Available data section start
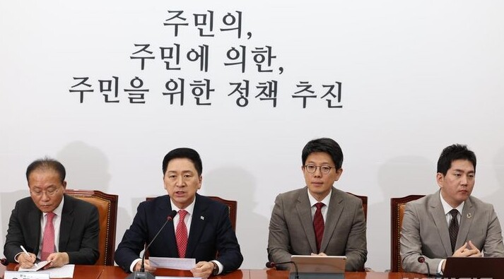 | ▲ 국민의힘 김기현 대표(왼쪽 두번째)가 16일 국회에서 열린 최고위원회의에서 발언하고 있다. [뉴시스] |
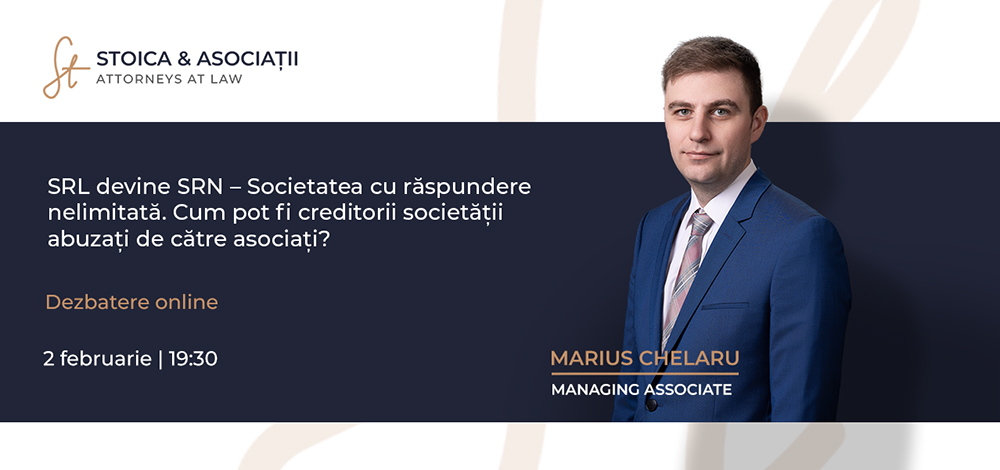 Marius Chelaru– Managing Associate – will participate today, at 7:30 p.m., in the online debate SRL becomes SRN – Unlimited Liability Company. How can the company's creditors be abused by the shareholders? organized by JURIDICE.ro. The debate will cover, among other things, issues related to banking practices whereby shareholders guarantee the company's bank loans and aspects related to the conditioning of tax debt rescheduling on the personal guarantee of shareholders.
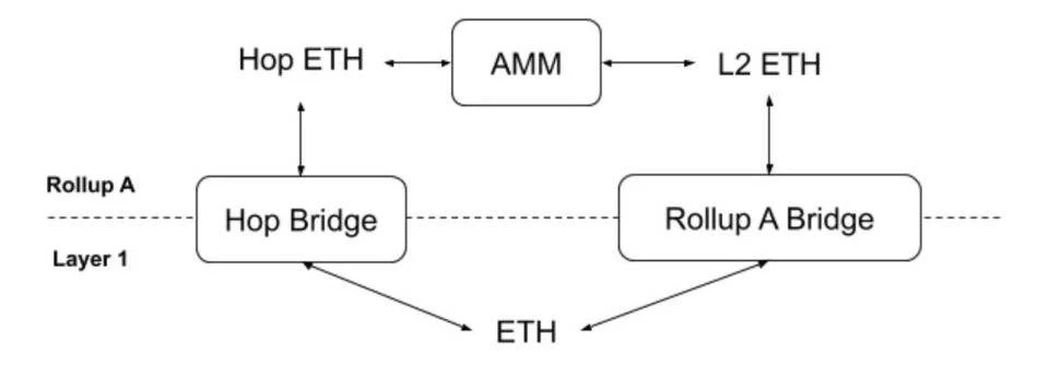 Hop Protocol 是一个与 Maker 有点类似的方案,他们方案中设计了通用的资产桥,以及通过引入「自动做市商」 (AMM) 组件和「连接器」 (Bonder) 角色,最终实现 Layer 2 网络之间的资产快速迁移。
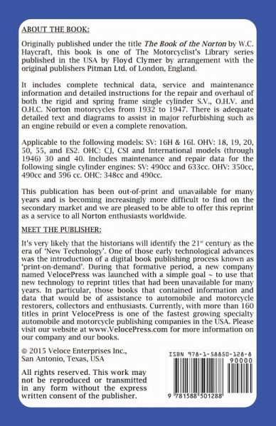 136 pages, 70 black & white illustrations, size 5.5 x 8.5 inches. Originally published under the title, 'The Book of the Norton' by W.C. Haycraft. This book is one of The Motorcyclist's Library series published in the USA by Floyd Clymer by arrangement with the original publisher, Pitman Ltd. of London, England. It includes complete technical data, service and maintenance information and detailed instructions for the repair and overhaul of both the rigid and spring frame single cylinder SV, OHV and OHC Norton motorcycles from 1932 to 1947. There is adequate detailed text and diagrams to assist in major refurbishing such as an engine rebuild or even a complete renovation. Applicable to the following models: SV: 16H & 16I. OHV: 18, 19, 20, 50, 55, and ES2. OHC: CJ, CSI and International models (through 1946) 30 and 40. Includes maintenance and repair data for the following single cylinder engines: SV: 490cc and 633cc. OHV: 350cc, 490cc and 596 cc. OHC: 348cc and 490cc. This publication has been out-of-print and unavailable for many years and is becoming increasingly more difficult to find on the secondary market. We are pleased to be able to offer this reproduction as a service to all Norton enthusiasts worldwide.
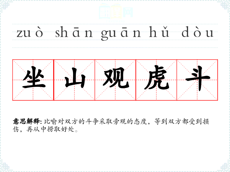 | 坐山看虎斗 | 比喻暂不介入双方的斗争中,等到双方都受到损伤,再从中捞取好处 |
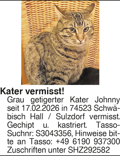Anzeige vom 11.3.2026 in der Rubrik "Entflogen / Entlaufen"
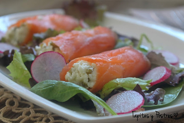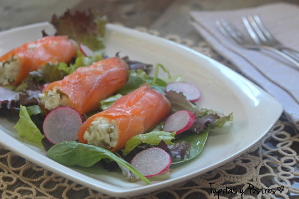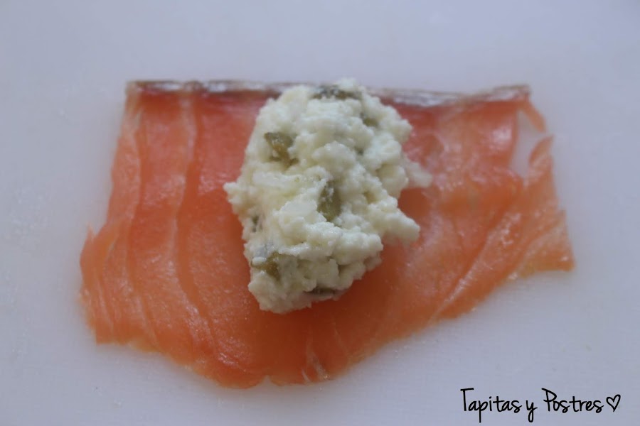 Ponemos las lascas de salmón extendidas, colocamos una cucharada del relleno y enrollamos.
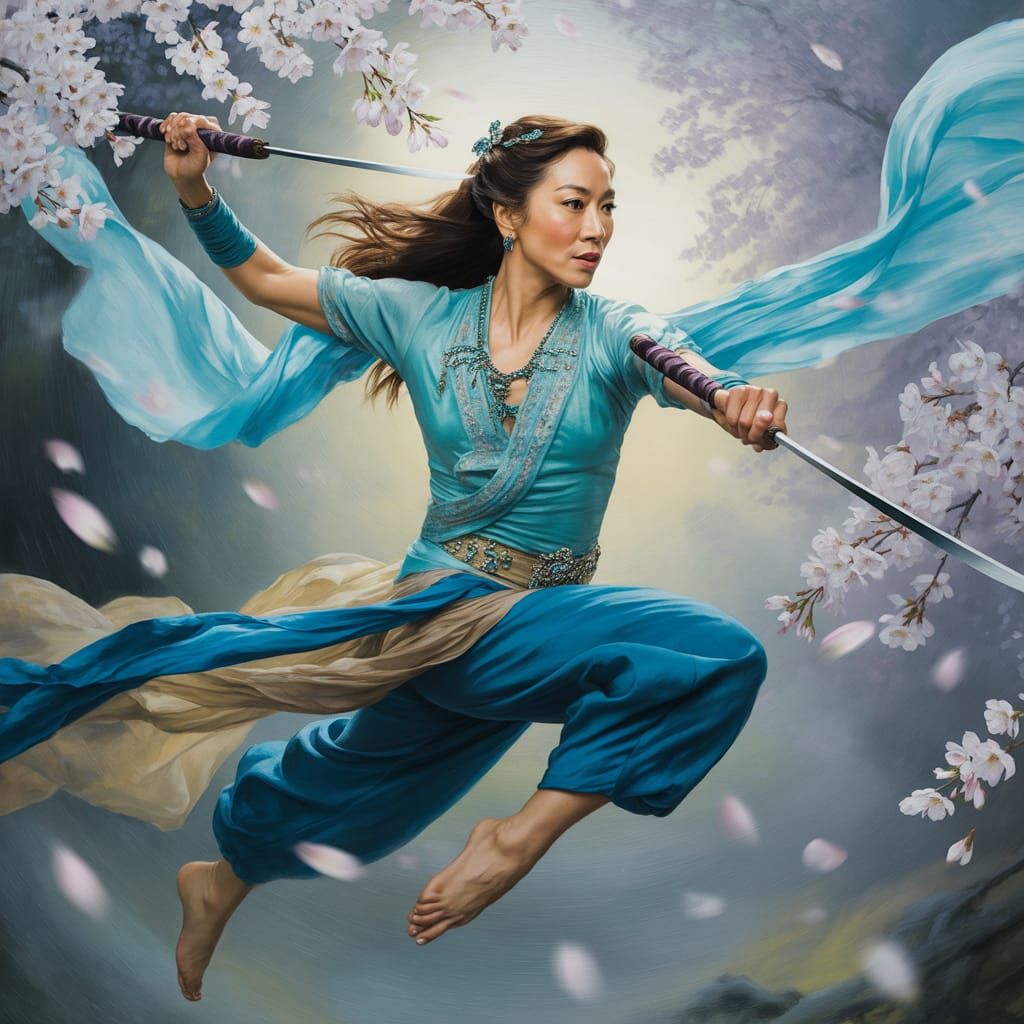 A beautiful image of a martial arts master gracefully leaping through falling cherry blossoms. She wears turquoise jewelry and flowing silks, wielding dual swords with intense focus in a dreamlike dance of shadows and light.
Available data section end
Assigned task> An exact copy of every entry above is needed, with the pictures left out.

Reply>
 | ▲ 국민의힘 김기현 대표(왼쪽 두번째)가 16일 국회에서 열린 최고위원회의에서 발언하고 있다. [뉴시스] |
 Marius Chelaru– Managing Associate – will participate today, at 7:30 p.m., in the online debate SRL becomes SRN – Unlimited Liability Company. How can the company's creditors be abused by the shareholders? organized by JURIDICE.ro. The debate will cover, among other things, issues related to banking practices whereby shareholders guarantee the company's bank loans and aspects related to the conditioning of tax debt rescheduling on the personal guarantee of shareholders.
 Hop Protocol 是一个与 Maker 有点类似的方案,他们方案中设计了通用的资产桥,以及通过引入「自动做市商」 (AMM) 组件和「连接器」 (Bonder) 角色,最终实现 Layer 2 网络之间的资产快速迁移。
 136 pages, 70 black & white illustrations, size 5.5 x 8.5 inches. Originally published under the title, 'The Book of the Norton' by W.C. Haycraft. This book is one of The Motorcyclist's Library series published in the USA by Floyd Clymer by arrangement with the original publisher, Pitman Ltd. of London, England. It includes complete technical data, service and maintenance information and detailed instructions for the repair and overhaul of both the rigid and spring frame single cylinder SV, OHV and OHC Norton motorcycles from 1932 to 1947. There is adequate detailed text and diagrams to assist in major refurbishing such as an engine rebuild or even a complete renovation. Applicable to the following models: SV: 16H & 16I. OHV: 18, 19, 20, 50, 55, and ES2. OHC: CJ, CSI and International models (through 1946) 30 and 40. Includes maintenance and repair data for the following single cylinder engines: SV: 490cc and 633cc. OHV: 350cc, 490cc and 596 cc. OHC: 348cc and 490cc. This publication has been out-of-print and unavailable for many years and is becoming increasingly more difficult to find on the secondary market. We are pleased to be able to offer this reproduction as a service to all Norton enthusiasts worldwide.
 | 坐山看虎斗 | 比喻暂不介入双方的斗争中,等到双方都受到损伤,再从中捞取好处 |
Anzeige vom 11.3.2026 in der Rubrik "Entflogen / Entlaufen"
 Ponemos las lascas de salmón extendidas, colocamos una cucharada del relleno y enrollamos.
 A beautiful image of a martial arts master gracefully leaping through falling cherry blossoms. She wears turquoise jewelry and flowing silks, wielding dual swords with intense focus in a dreamlike dance of shadows and light.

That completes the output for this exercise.